Two-state Distribution follows from the Statistical Postulate

According to \(Liphardt\)'s work^[2], we knew that each RNA-based thermosensor has two temperature-dependent states (Folded and Unfolded). When there are massive thermosensors in \(E.coli\), individual actors are behaving randomly and yet a clear pattern emerges statistically. We replaced the idea of a definite state by the idea of a definite probability distribution of states.^[3]

At low temperatures all samples displayed as folding state with low expression level, whereas at high temperatures the expression level increased, which indicated the increasing statistical rate of unfolded thermosensors. This explains why each of our thermosensor only can be in two states(Folded and Unfolded), but the switch behavior of our system is a continuous function.

As the result， normalized fluorescence of our thermosensor system is a linear function of the fraction of unfolded thermosensors, which also represents the probability distribution that a system will be in a certain state.

Figure 2. Fractional Distribution of RNA-based thermosenser

Thermodynamics

We defined \(f_T\) as the function of the fraction of unfolded molecules(\(f\)) vs temperature(\(T\)) and defined melting temperature \(T_m\) as the temperature for which \(f{(T_m)}=0.5\). We can use the equation appropriate for monomolecular to calculate equilibrium constant.^[4]

$$K_{eq}={f\over{1-f}}\qquad (1)$$

The Van ’t Hoff equation is the equation revealing the relationship between the change in the equilibrium constant(\(K_{eq}\)) of a chemical reaction and the change in temperature(T). The Van 't Hoff equation between temperatures T1 and T2 is ^[5]

$${ln{K_1\over{K_2}}}=-{\triangle{H^\Theta}\over{R}}{({1\over{T_2}}-{1\over{T_1}})}\qquad (2)$$

Where R is the ideal gas constant and \(\triangle{H^\Theta}\) is standard enthalpy change.

Logistic Regression

Logistic function is a common "S" shape (sigmoid curve), S-curve function that can be used to describe the probability distribution of a two-state system with equation^[6]

$$f(x)={L\over{1+e^{k(x-x_0)}}}\qquad (3)$$

Figure 3. Standard logistic sigmoid functioni.e.L=1, k=1, \(x_0\)=0

Based on the melting temperature \(T_m\), we transform our equations (1)(2) into the form of logistic function. $$f(T)={1\over{1+e^{[-k({1\over T} -{1\over T_m})]}}}\qquad (4)$$ As the normalized fluorescence F(T) of our system is a linear function of fraction of unfolded molecules f(T)

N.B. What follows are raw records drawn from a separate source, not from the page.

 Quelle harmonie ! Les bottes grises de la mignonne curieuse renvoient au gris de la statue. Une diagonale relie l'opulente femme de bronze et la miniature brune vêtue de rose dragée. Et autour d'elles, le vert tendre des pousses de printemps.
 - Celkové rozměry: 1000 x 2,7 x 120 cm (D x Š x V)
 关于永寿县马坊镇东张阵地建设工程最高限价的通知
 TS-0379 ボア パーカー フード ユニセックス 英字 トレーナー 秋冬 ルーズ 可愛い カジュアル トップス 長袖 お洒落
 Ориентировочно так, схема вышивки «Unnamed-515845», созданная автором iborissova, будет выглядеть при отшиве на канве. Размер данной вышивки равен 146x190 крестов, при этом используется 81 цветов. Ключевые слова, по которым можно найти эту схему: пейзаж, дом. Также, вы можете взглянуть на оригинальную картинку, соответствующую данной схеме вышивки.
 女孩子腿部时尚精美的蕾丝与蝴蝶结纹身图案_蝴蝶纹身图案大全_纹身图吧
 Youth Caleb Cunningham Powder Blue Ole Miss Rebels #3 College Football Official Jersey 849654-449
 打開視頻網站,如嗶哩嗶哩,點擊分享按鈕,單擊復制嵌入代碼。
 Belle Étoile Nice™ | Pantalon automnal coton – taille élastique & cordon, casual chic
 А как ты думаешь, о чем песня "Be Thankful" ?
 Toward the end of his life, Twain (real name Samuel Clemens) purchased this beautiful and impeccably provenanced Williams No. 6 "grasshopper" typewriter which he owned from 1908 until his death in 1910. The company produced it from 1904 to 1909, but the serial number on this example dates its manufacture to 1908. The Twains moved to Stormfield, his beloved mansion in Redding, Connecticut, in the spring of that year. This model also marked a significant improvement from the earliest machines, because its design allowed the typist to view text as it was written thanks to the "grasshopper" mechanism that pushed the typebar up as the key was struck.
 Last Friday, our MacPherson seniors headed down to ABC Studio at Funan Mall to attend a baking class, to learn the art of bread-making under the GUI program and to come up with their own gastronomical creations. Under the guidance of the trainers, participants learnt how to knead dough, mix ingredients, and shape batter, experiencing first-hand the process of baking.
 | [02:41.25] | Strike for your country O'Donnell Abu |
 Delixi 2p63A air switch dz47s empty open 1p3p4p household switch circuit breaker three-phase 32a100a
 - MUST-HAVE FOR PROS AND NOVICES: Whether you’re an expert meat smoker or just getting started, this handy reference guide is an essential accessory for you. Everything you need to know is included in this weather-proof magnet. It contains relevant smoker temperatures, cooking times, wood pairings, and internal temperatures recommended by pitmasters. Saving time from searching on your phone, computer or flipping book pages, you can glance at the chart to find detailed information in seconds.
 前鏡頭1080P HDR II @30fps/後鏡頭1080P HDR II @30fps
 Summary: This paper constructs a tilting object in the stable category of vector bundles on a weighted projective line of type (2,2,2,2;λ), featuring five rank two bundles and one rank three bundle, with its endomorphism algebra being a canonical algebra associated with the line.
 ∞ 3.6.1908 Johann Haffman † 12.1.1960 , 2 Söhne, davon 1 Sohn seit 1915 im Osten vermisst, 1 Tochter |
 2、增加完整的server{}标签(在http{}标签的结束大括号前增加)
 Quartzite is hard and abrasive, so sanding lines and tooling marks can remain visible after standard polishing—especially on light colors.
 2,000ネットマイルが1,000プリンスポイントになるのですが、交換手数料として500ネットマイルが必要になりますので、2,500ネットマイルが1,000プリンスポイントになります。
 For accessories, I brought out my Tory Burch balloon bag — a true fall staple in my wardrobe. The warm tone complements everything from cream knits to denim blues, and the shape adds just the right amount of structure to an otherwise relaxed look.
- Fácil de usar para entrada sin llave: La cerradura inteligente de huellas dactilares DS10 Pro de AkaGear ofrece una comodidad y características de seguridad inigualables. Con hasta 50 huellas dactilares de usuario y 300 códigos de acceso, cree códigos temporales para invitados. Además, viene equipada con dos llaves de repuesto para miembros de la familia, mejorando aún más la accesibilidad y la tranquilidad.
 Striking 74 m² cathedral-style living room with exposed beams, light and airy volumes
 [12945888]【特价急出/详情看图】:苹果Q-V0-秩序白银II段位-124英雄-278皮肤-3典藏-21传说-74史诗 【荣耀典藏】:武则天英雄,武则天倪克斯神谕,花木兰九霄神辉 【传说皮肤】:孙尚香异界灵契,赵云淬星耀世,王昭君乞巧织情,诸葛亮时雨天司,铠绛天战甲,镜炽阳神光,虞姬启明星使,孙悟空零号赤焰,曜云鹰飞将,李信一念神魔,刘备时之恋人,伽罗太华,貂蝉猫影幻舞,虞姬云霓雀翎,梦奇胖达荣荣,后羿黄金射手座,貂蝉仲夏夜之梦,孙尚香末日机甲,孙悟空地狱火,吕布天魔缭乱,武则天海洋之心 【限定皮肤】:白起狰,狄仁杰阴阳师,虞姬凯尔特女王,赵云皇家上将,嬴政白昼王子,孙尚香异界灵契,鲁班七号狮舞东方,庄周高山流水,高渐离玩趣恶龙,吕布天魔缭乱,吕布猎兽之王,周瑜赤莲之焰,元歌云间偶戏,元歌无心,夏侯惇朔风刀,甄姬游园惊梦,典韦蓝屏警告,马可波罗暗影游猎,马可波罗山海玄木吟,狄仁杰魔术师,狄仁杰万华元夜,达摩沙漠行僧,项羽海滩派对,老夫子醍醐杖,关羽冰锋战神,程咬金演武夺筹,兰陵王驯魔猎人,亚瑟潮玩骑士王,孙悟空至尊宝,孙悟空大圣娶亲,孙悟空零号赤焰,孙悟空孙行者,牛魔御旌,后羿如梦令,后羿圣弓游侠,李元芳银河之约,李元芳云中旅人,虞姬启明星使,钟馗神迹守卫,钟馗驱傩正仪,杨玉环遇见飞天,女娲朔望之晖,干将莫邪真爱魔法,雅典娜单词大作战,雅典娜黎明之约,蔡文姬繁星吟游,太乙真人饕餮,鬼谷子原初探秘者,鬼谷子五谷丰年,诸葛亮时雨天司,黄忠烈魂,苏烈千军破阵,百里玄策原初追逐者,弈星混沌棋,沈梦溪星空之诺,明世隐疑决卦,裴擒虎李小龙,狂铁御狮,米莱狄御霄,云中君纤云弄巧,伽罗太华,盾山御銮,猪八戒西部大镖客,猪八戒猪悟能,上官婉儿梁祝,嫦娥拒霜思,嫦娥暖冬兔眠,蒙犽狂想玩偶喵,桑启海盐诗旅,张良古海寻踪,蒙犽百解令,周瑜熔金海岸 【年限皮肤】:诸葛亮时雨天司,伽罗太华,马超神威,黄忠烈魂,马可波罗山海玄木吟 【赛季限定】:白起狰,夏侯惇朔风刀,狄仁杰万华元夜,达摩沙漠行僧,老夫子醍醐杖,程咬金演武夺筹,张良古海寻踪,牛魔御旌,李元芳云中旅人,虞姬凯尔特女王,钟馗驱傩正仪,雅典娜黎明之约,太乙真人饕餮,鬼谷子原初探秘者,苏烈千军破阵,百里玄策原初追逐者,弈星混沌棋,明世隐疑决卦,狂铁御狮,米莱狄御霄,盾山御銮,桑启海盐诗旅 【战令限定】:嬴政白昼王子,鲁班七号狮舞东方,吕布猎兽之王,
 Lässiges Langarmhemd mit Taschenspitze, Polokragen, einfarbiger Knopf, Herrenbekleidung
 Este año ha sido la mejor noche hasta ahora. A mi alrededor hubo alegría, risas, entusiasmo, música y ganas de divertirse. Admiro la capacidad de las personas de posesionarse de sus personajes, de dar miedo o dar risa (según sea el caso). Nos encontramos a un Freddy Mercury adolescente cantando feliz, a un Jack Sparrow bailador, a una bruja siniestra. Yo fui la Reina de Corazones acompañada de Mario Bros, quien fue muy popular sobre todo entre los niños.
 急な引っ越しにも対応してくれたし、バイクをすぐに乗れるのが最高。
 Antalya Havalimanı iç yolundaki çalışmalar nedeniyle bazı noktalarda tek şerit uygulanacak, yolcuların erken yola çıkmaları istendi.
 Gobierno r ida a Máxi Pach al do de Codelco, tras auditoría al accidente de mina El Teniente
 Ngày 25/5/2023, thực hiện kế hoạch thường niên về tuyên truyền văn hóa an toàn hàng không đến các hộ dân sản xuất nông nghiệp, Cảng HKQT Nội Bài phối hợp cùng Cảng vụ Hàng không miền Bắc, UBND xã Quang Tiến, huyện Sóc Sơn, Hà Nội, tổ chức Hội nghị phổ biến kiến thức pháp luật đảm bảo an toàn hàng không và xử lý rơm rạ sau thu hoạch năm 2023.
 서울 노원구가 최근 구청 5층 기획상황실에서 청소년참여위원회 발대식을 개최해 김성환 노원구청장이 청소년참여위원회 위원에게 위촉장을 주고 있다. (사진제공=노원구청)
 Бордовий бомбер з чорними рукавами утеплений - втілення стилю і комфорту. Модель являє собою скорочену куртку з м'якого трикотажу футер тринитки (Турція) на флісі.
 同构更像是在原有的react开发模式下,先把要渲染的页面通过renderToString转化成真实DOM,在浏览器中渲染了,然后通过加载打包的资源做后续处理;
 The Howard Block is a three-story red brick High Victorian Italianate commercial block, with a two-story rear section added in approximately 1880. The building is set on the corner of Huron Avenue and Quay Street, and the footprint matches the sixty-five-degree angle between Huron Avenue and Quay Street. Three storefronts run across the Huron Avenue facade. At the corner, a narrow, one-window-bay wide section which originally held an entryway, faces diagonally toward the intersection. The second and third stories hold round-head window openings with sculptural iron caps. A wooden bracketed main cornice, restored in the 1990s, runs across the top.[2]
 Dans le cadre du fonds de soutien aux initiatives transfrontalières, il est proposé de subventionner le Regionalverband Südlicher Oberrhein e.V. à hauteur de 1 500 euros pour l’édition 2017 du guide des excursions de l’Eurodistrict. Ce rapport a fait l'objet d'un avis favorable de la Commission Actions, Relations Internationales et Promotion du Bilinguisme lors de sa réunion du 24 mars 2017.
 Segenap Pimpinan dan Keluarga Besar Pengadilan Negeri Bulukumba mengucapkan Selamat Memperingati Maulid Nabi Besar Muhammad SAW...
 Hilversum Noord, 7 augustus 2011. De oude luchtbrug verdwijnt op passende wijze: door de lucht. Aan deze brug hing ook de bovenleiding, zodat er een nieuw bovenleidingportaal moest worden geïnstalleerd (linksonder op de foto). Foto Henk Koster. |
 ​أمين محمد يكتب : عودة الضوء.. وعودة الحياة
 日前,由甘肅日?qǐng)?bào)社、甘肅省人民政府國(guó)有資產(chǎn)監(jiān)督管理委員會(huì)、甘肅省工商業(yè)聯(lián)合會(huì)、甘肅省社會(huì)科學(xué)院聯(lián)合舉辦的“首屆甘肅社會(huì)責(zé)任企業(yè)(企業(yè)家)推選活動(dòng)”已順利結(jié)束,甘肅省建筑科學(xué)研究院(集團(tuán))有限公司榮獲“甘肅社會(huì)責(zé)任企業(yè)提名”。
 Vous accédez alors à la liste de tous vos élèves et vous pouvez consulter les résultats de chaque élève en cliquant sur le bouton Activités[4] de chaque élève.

$$F(T)=a\times{f(T)}+b\qquad (5)$$

The final function of normalized fluorescence vs temperature is

$$f(T)={{a\over{1+e^{[-k({1\over T} -{1\over T_m})]}}}+b}\qquad (6)$$

Where a, b, c are the parameters of the function.

Annotation of Parameters

From our function, we could analyze that
when all thermosensors are folded,

$$f(T)=0$$ $$F(T)=a\times0+b=b$$

The value of its expression is the constant value b.
When all thermosensors are unfolded,

$$f(T)=1$$ $$F(T)=a\times1+b=a+b$$

The value of its expression is the constant value a+b.

The value of k can be analogized to the Hill coefficient, for the first item of the Taylor expansion on \(ln{(1+x)}\) is \(1/x\). Our function can be changed into the form of Hill equation when doing an approximate treatment.

Results

Curve Fitting

We employed least square method to regress a temperature-dependent expression curve for each thermosensor. R-squared is used to measure fitting goodness and to reflect thermosensors’quality degree. An example of the curve is shown below.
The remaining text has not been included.